A simple and interesting explation of arrays, I came here to watch this video just to make sure I knew exactly how everything works. Having hardware classes with programming coursesreally, does help out a lot to understand computers, both on hardware and software level.
Posting this for anyone else out there like me. As someone who knows JUST enough code to be dangerous, I feel dense for not getting it sooner. My brain absolutely looked at the two for loops, saw them moving through the same numbers, and even though I recognized there was a difference in the last line, my thought process collapsed to "alright so you move through all the same array positions eventually," and I spent ten minutes trying to figure out, on my own, why changing the order of operations would make it faster while ignoring, y'know, the actual result of iteratively running the loops. The first comment I saw mentioned row vs column major ordering, and even then, I thought "that's silly, it's a 1D array!" and failed to make the connection. Took me seeing someone list the resulting indices in order to finally click. Despite so much of video focusing on contiguousness. So for anyone else that did the same, we're a special kind of stupid, but at least not a unique kind.
This is a very great high-level view of arrays and CPU caching! I wish I had this video as an introduction when I was taking my Computer Systems class in college!
why does the code on the top run 10 times faster? I thought you were going to answer it in this video. By looking at it I can deduce that it has to do with the nested loop. The first code goes in contiguous 4.000 data points, then moves onto another 4000 batch, which should be already cached. The second skips between batches, grabbing the first from all of them, then the second, etc. I don't see why it wouldn't be prefetched if it's repeteable.
Yup, the bottom code block is leapfrogging by 4000 positions in every iteration of the nested loop but the top code block accesses the array sequentially. Its basically the difference between grabbing one sandwich from the plate and eating it completely before moving onto the next VS taking a bite from a different sandwich every time until your plate is clean.
I optimized some existent numerical C++ code (for signal processing) from 420ms per iteration to 45ms, but the goal was 30ms per iteration. There is a giant nested for loop that was taking 44ms to run. So I applied the change specified in the video to reduce cache misses. Now it's taking 22ms. Maybe I could further optimize it by writing a special data structure (probably just a linked list), but that's good enough for the manager by now and he has other priorities for me.
There are pros and cons to this worth noting. It can be a valid form of redundancy to have an array as a 'look-up' to speed up data coming from a query in a relational database (rather than hitting the query over and over). That helps performance sometimes. However, the cache vulnerabilities can be exploited. An array does not have the same benefits of a linked-list in terms of being able to specify pointers for pass by address versus pass by reference. Also though, in some languages a linked list can be a problem as it needs objects, and that means garbage collection (Java) can happen at anytime, thereby making performance hard to predict and sometimes rather stuttering.
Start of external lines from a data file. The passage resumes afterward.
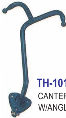
TH-1011 CANTER FE111 W/ANGLE MIRROR ARM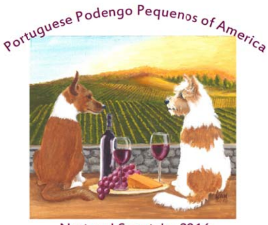
National Specialty 2016 Santa Rosa, CA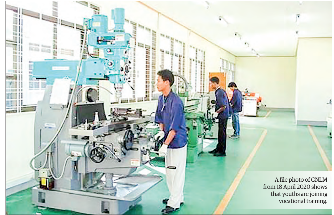
A file photo of GNL from 18 April 2020 shows that youths are joining vocational training.

Generally, youths who have a clear vision of going abroad for jobs must join vocational courses. These vocational

Are we working our way towards ecs? ...I'm getting those vibes haha. This also reminded me of a channel 9 talk I recently saw. "Native Code Performance and Memory: The Elephant in the CPU" Blew my mind the importance of cache misses and structuring your data in continuous chunks
Oh yeah definitely want to cover ecs at some point, why major companies are going that route, etc. Lot of ground to cover between beginner and that level though heh.
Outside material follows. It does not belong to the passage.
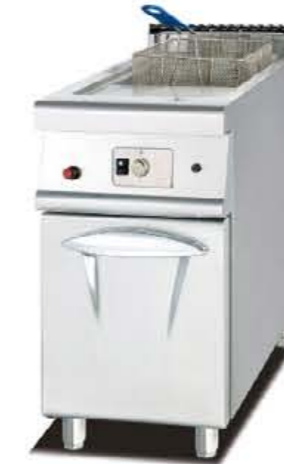
GF-975/775 / DF-875/775 Gas / Electric Fryer With Cabinet

Had a chair on advanced computer architecture, this covered some weeks on a 10 min video. Wish I had this kind of resources back then. Also had to make a simulator with several caching sizes and strategies, good times 😂
My only formal training in programming is an elective course in C in college. I've loved it so much I end up writing device drivers for baremetal code running on top of ARM Cortex M processors as a hobby. There is no substitute for learning the fundamentals. It pains me to see some universities starting Computer Science students with a course in Java...
if you aren't constrained by the requirement of the array must keep it's ordering, you could also just take the value then swap in the last item in the array when deleting right?
Takeaway: Memory caching magic allows faster access of indexes that are close. What constitutes 'close' is arbitrary, the optimization aspect is accessing indexes in order of proximity. Also curious as to whether 'x * 4000' is cached behind the scenes. Otherwise, pulling it into an outer loop variable should be better.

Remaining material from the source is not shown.